Dream Demon (Arrow Video) Blu-ray Review


Arrow Video has brought us another long lost film from The Video Store Days in the form of Dream Demon. So, come join us as we take a look at this horror cult classic.


Studio: Arrow Video
Release Date: 1988 (theatrical) / June 23rd, 2020 (blu-ray)
Run Time: 89 mins (theatrical) / 88 mins (director's cut)
Region Code: FREE
Picture: 1080p (1.85:1 aspect ratio) (both versions)
Sound: English LPCM 2.0
Subtitles: English SDH
Slipcover: No
Digital Copy: No
Starring: Jemma Redgrave, Kathleen Wilhoite, and Timothy Spall
Written by Christopher Wicking and Harley Cokeliss
Directed by Harley Cokeliss
Rating: R (strong horror violence and gore and nudity) (both versions)

THE FILM



Diana (Jemma Redgrave) is a high class young woman with a troubled past, who is on the verge of marrying the caddish Oliver (Mark Greenstreet). Spending the night in her old and spooky family mansion, Diana stares into a mirror and begins experiencing terrifying dreams. She sees her past, present and future, while at the same time entering a dark dimension of her own. One day Diana is visited by Jenny (Kathleen Wilhoite), an American tourist and also a victim of a turbulent past. Without knowing how or why, Diana suddenly pulls Jenny into her nightmarish world.

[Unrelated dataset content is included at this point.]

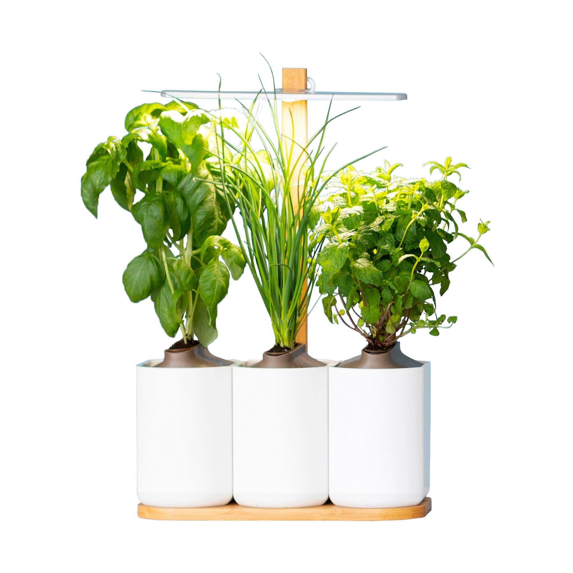 - • 3 Pflanzen-Kapseln inklusive: Basilikum, Minze & Schnittlauch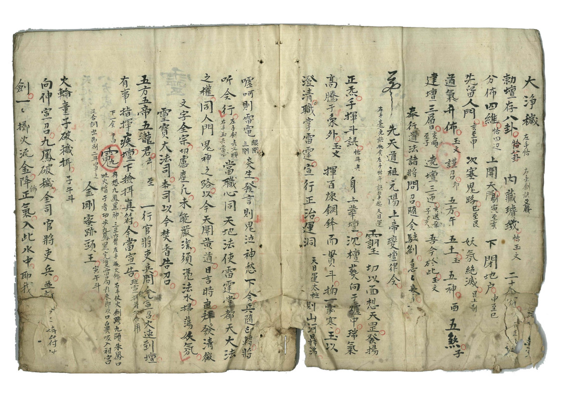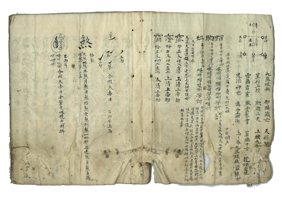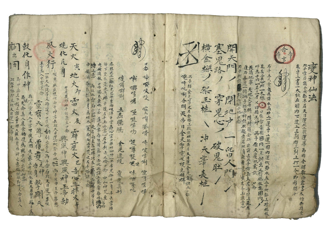 简介:《发遣内功法要》江南地区无锡清微秘本,道家相关古籍。内容包含:发遣内功法要,九凤破秽法,三光气法,三清讳,五方气法,煞气法,金光气法,大净秽,封文书一事,变神骨头,变神仙法,金光咒三十六雷音,五火变,剔斗布罡诀,发遣文,城隍,土地、破地狱法等。

I had never heard of DREAM DEMON before it showed up on my doorstep. Since the film was released during the heyday of the A NIGHTMARE ON ELM STREET SERIES,  I figured that this would be yet another clone of the Wes Craven created series. To my surprise, the film deals with heavy issues of abuse and uncertainty.

To be fair, there are plenty of dreams in DREAM DEMON. And these dreams turn to nightmares pretty quickly. In fact, I don’t think that there is one pleasant dream in the entire film. The film starts out with a crazy dream in which the lead character slaps a man’s head clean off of his body. The nightmares do get more bizarre as the film progresses and Diana even brings her friend Jenny into the dreams. The film plays fast and loose with the dreams, allowing the audience the chance to try and figure out if what we are seeing is a dream or reality.

As I watched the film, I was reminded not of A NIGHTMARE ON ELM STREET, but HELLRAISER. The way that the film is shot, the shafts of light that come in through slats in the basement, the way that the house is shot. There are no pleasures found here, but the film especially around the hour mark reminded made me have those HELLRAISER feelings. It could just be the fact that both HELLBOUND: HELLRAISER II and DREAM DEMON were released in the same year or that both films have a very gothic feeling to them, but that is the film that DREAM DEMON reminded of.

One last thing I want to address and that are the effects. There were more effects here than I thought there would be and they are much better than expected. Make-up effects, some nice gore effects, and even some full body burns are all here for us to take in and they are all wonderful. The film looks great too. It never feels like a low budget film. There is a lot of talent on display here and we are better for having witnessed it.

THE PICTURE AND THE SOUND



DREAM DEMON comes to us with a brand new 2K restoration and presented in the film’s original aspect ratio of 1.85:1. The first thing that I noticed were the colors. There are bold at times and very vibrant. Skin tones are also nice looking and blacks are deep and inky. Detail is very high throughout especially in close-ups where the detail is off the charts. This is a great looking transfer that will wow fans of the film.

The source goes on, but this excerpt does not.